● **TASK REQUIREMENTS**:
When you reproduce the listing, keep every word as it is and drop the pictures.

● **COLLECTED DATA**:
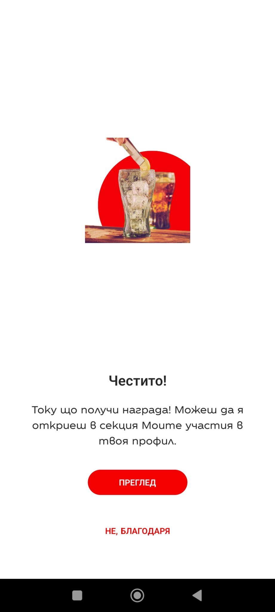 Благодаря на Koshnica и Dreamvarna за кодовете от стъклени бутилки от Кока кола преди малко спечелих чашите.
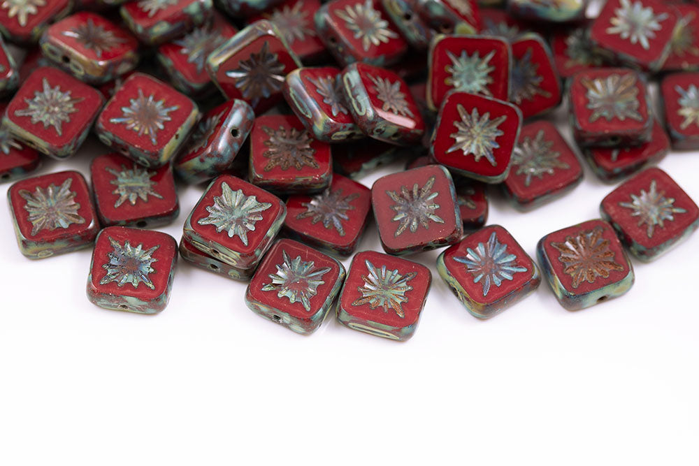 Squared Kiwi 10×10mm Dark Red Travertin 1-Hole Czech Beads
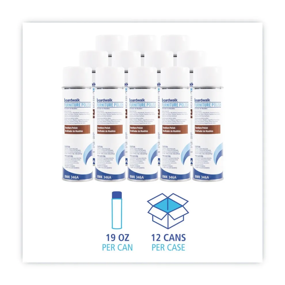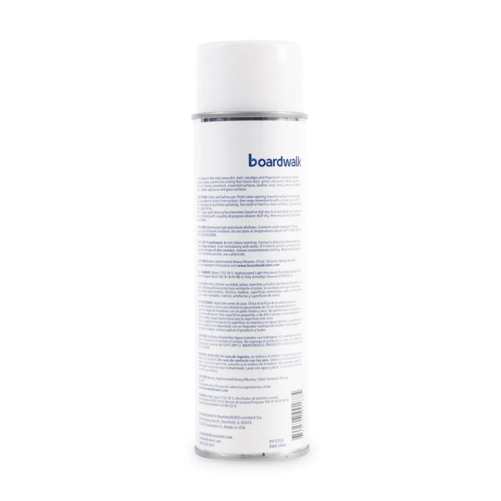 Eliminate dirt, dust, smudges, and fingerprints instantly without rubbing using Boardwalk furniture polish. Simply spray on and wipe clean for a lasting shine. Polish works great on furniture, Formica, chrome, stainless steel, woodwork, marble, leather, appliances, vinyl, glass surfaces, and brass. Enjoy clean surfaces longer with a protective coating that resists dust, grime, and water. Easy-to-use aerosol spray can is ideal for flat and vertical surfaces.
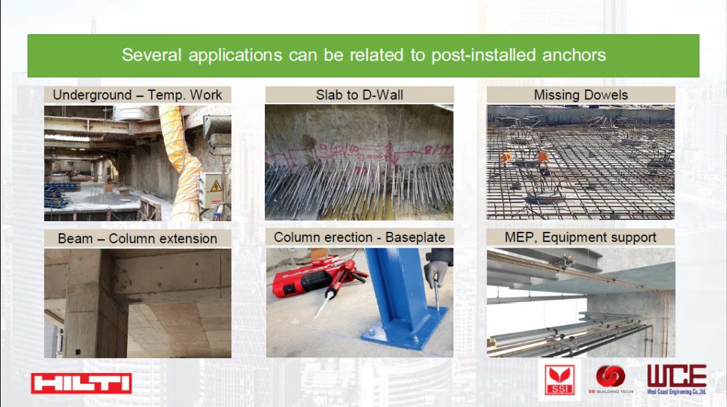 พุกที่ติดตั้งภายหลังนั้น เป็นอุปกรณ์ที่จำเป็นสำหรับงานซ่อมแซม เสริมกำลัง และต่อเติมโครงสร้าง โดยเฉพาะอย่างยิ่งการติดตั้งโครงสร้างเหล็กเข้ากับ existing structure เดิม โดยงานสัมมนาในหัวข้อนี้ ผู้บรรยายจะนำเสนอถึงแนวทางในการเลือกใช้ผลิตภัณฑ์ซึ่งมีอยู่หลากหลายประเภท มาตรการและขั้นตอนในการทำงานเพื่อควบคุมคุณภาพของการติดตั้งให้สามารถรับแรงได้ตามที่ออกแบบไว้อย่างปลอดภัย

● **OUTPUT FOR THIS EXERCISE**:
 Благодаря на Koshnica и Dreamvarna за кодовете от стъклени бутилки от Кока кола преди малко спечелих чашите.
 Squared Kiwi 10×10mm Dark Red Travertin 1-Hole Czech Beads
 Eliminate dirt, dust, smudges, and fingerprints instantly without rubbing using Boardwalk furniture polish. Simply spray on and wipe clean for a lasting shine. Polish works great on furniture, Formica, chrome, stainless steel, woodwork, marble, leather, appliances, vinyl, glass surfaces, and brass. Enjoy clean surfaces longer with a protective coating that resists dust, grime, and water. Easy-to-use aerosol spray can is ideal for flat and vertical surfaces.
 พุกที่ติดตั้งภายหลังนั้น เป็นอุปกรณ์ที่จำเป็นสำหรับงานซ่อมแซม เสริมกำลัง และต่อเติมโครงสร้าง โดยเฉพาะอย่างยิ่งการติดตั้งโครงสร้างเหล็กเข้ากับ existing structure เดิม โดยงานสัมมนาในหัวข้อนี้ ผู้บรรยายจะนำเสนอถึงแนวทางในการเลือกใช้ผลิตภัณฑ์ซึ่งมีอยู่หลากหลายประเภท มาตรการและขั้นตอนในการทำงานเพื่อควบคุมคุณภาพของการติดตั้งให้สามารถรับแรงได้ตามที่ออกแบบไว้อย่างปลอดภัย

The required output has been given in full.